Она поняла, что он в общих чертах уловил суть истории, скрывавшейся под поверхностью, как айсберг, и перед ней возникли две возможности, два пути: рассказать, что она жила с преступником, рискуя вызвать у него презрение, или примкнуть к числу тех утомительно загадочных людей, с которыми никому не хочется общаться, потому что они и рта не могут раскрыть без намеков на «страшные тайны» не для чужих ушей.
– Нет, все в порядке. На самом деле не совсем… Я решила уйти в море не из-за того, что он сделал. А просто потому, что на суше мне постоянно попадались не те люди.
– В этом-то и проблема с сушей, – ответил Джеффри. – Слишком много на ней людей.
Последние вечера на суше
Поначалу ей казалось, что она сможет пережить крах царства денег, остаться в любимом городе и начать здесь новую жизнь. На следующее утро после новогодней вечеринки она проснулась в одиночестве, дрожа от холода, в их пристанище на Манхэттене. Одеяло сползло на пол. Она встала, приняла душ, сварила кофе и несколько минут смотрела в окно на Центральный парк. Она уже знала, что Джонатана арестуют и что она любуется этим видом в последний раз. Джонатан оставил в квартире красивую дорожную сумку кремового цвета со вставками из коричневой кожи. В шкафу висели два платья, которые, как ей казалось, можно выгодно продать, лежали пять тысяч долларов наличными, а в сейфе были украшения. Она спрятала деньги и драгоценности в свой жакет и сложила в сумку, аккуратно свернула платья и сменную одежду.
Затем пошла с чашкой кофе в ванную, взглянула на лакированную коробку, в которой хранила косметику, и замерла. За все время, что она была с Джонатаном, она никогда не появлялась перед ним ненакрашенной. Теперь вид своего лица без макияжа казался ей странным, но тем утром, когда ее лжемуж был на грани ареста или уже находился под стражей в полиции, ее влекла перспектива выглядеть не похожей на саму себя. Винсент пила кофе и рассматривала свое отражение в зеркале.
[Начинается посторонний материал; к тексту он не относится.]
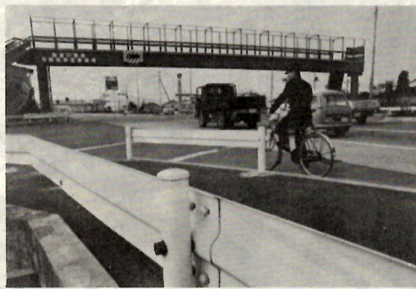
高前バイパスの元総社横断歩道橋

人間の欲望は無限がありません。しかし、ささやかな幸せを願うことは、市民として当然のことです。ささやかな幸せとは一体何でしょうか。周囲の温かい愛情によって育まれた幸せ、五体満足で、すこやかでありたい。このささやかな幸せまでも、一瞬にして奪ってしまうのが交通事故です。 柱ともたのむ主人が、代わるものならわが身を頼りて愛児が、骨をくだかれ、血を流し、後遺症に日夜悩まされるご家庭。これが交通事故の惨状です。歩行者は安全に歩くことに、運転者は安全に運転することに専念し、「秋の交通安全運動」を機会に、交通事故のないあかるいまちになるよう、ご協力をお願いします。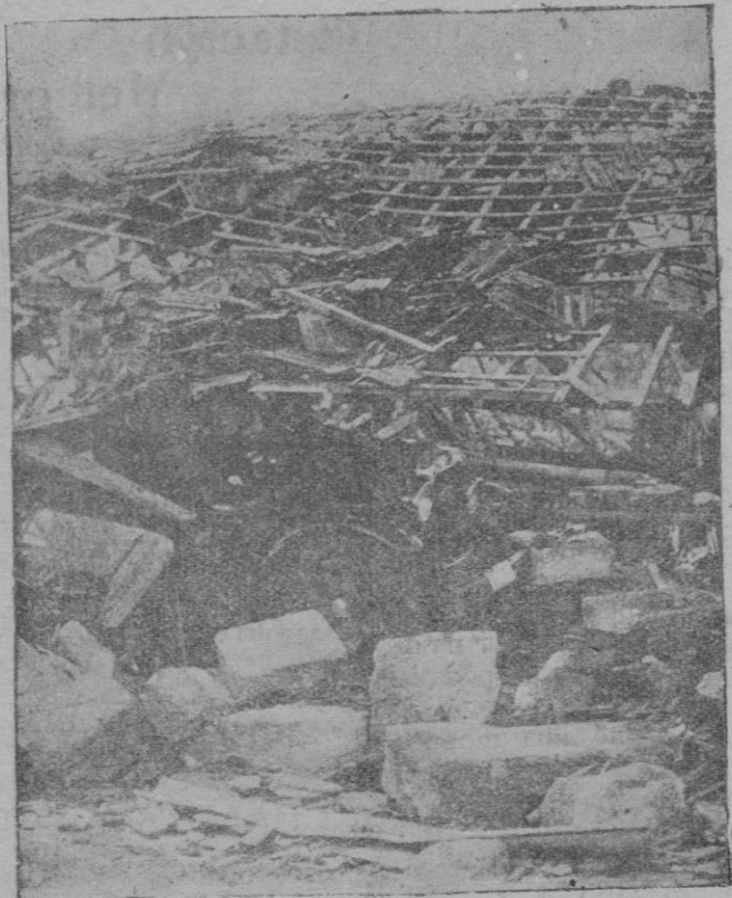
Restos de un garage, hundido a consecuencia del ciclón que azotó la ciudad de Pontevedra

Victor Hugo; el genial y fecundo novelista francés, en uno de sus frecuentes viajes por España, llenos de sabia inteligencia; en las que iba asimilando el espíritu depurado de nuestra raza, bautizó a Valencia—la ciudad de los frutos de oro—con el nombre de «la ciudad de las cien torres». Esbeltas y graciosas torres, que adornaban las perspectivas azuladas del panorama, que se divisaba, en el horizonte puro, lleno de magníficas luces, que como enorme catarata de colores, iba volcándose, sobre la campiña esmeralda, contorneada de flores. La nueva piqueta renovadora, con su afán constante de destruir lo viejo—como si no fuera digno de recuerdo—y de la rosa del más puro recuerdo—ha ido ensañándose con las moles características de la altura, destruyéndolas poco a poco, y dejando solamente las genuinas, que pueden representar como un símbolo a la Valencia de todos los tiempos, perfumada con las auroras del Mediterráneo.

Она заметила, что не так давно достигла некого рубежа, когда в состоянии усталости лицо выглядит не просто утомленным, но и чуть постаревшим. Ей почти исполнилось двадцать восемь.
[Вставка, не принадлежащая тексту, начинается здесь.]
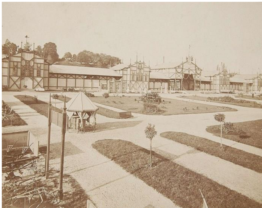
Рисунок 5 - Павільйони рільничо-промислової виставки на пляжу Яблонівських (нині-площа Петрушевича). Фото 1877 року

На Київщині народними промислами займалося Київське кустарне товариство, очолюване М. Біляшевським, Г. Павлуцьким та Д. Щербаківським. Воно організувало кустарні склади, влаштувало декілька виставок. Твори народного мистецтва поширював також магазин товариства «Просвіта» в Києві.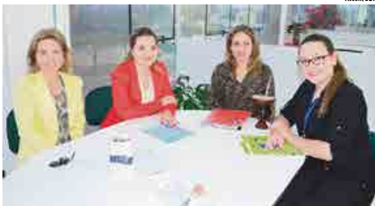
Nucleadas estiveram reunidas na última quinta-feira (26)

Programação - O evento inicia às 8h, com recepção das convidadas, e às 8h30 ocorrem os pronunciamentos de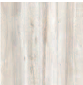
DETAILS WHITE GRIP 20mm 744317 60x60 (23 5/8 ”x23 5/8 ”)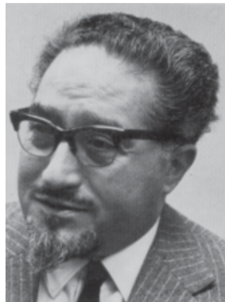
Portretfoto uit de jaren zestig.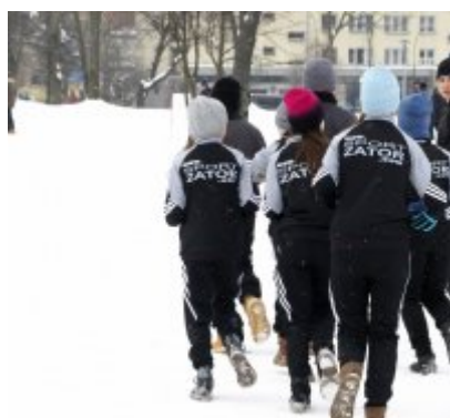
Lekkoatletyka „Pod Giewontem”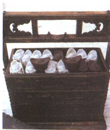
装元宝茶的贡茶箱

我国的茶道大师陆羽就擅长对茶好坏的鉴别，他特别强调茶生产的自然环境。他在其流芳百世的大著《茶经·茶之源》中这样说：种

Она нашла в шкафу маникюрные ножницы и начала методично обрезать волосы. Винсент сразу почувствовала легкость в голове, и еще ей стало чуть холоднее. Спустя полчаса, когда она навсегда покидала это здание, консьерж в лобби долго присматривался к ней, прежде чем его лицо осветила стандартная улыбка. Она зашла в ближайшую парикмахерскую поправить стрижку. «Дети порезали вам волосы, пока вы спали?» – нахмурившись, спросил у нее парикмахер. Затем она купила в аптеке очки с минимальными диоптриями, хотя у нее не было проблем со зрением. Винсент изучила в зеркале в аптеке свой новый образ. Ей казалось, что в очках, с короткой стрижкой и без макияжа она выглядела совсем другим человеком.
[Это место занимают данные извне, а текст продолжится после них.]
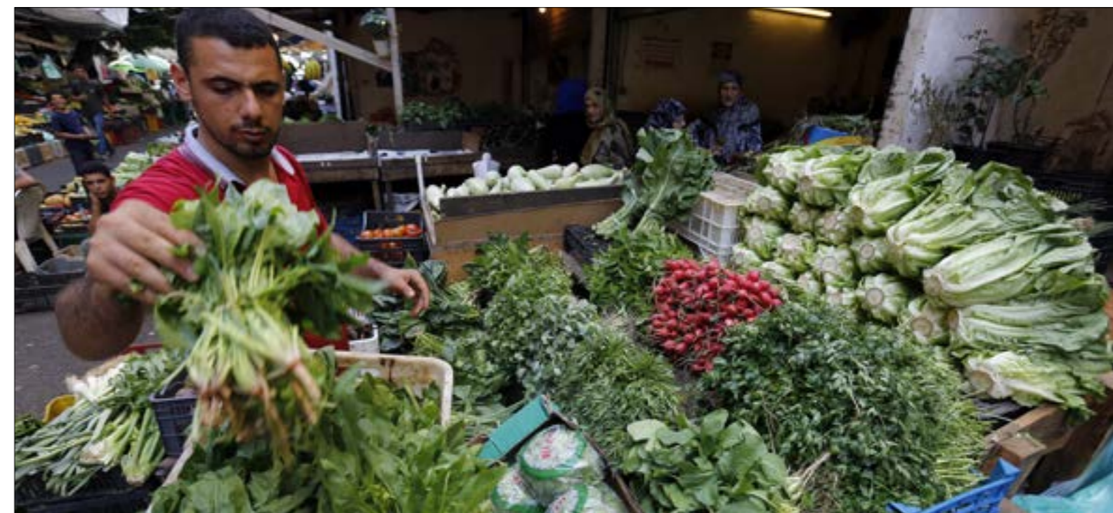
مقارنة مع بقية السلع والخدمات، لم ترتفع بشكل كبير الخدمات المرتبطة بالصحة والسكن والتعليم حتى الآن، ومعها لا تزال هيئة نفاذ الاحتياطات بالعملة الأجنبية (موانع طحطح)

Спустя неделю она нашла съемное жилье в пригороде у станции «Хадсон Лайн», в нескольких остановках от Центрального вокзала, – квартиру для помощника по хозяйству: на деле она оказалась комнатой над гаражом, в один угол которой была втиснута ванная, а в другой – крохотная кухня. Она спала на полу на матрасе, обставила свое жилище шкафом, купленным в секонд-хенде Goodwill за 40 долларов, карточным столиком от хозяина квартиры и стулом, который нашла на улице в день вывоза мусора. Больше ей ничего не было нужно. Через три недели после ареста Джонатана она устроилась барменшей в Челси. Короткие смены позволяли ей в свободное время работать стажером на кухне ресторана в Нижнем Ист-Сайде. Там ей нравилось больше, потому что барменам приходится работать на публику. Они всегда окружены людьми, которые следят за каждым их движением. Всякий раз, когда Винсент поднимала голову и видела новые лица у барной стойки, ее на мгновение охватывал ужас: что, если это один из инвесторов?
Полтора года спустя она в первый и последний раз за долгое время увидела Миреллу. Весной 2010-го Винсент стояла за стойкой в Челси, когда в бар вошла Мирелла с компанией из шести-семи человек. Волосы Миреллы были заплетены в великолепные африканские косички, на губах огненно-красная помада. Ее наряд на первый взгляд казался небрежным, но это была особого рода дорогая небрежность, посылавшая закодированные сигналы: толстовка за 700 долларов, джинсы с потертостями, тщательно нанесенными мастерами в Дейтроте, сношенные ботинки за тысячу и так далее. Она выглядела потрясающе.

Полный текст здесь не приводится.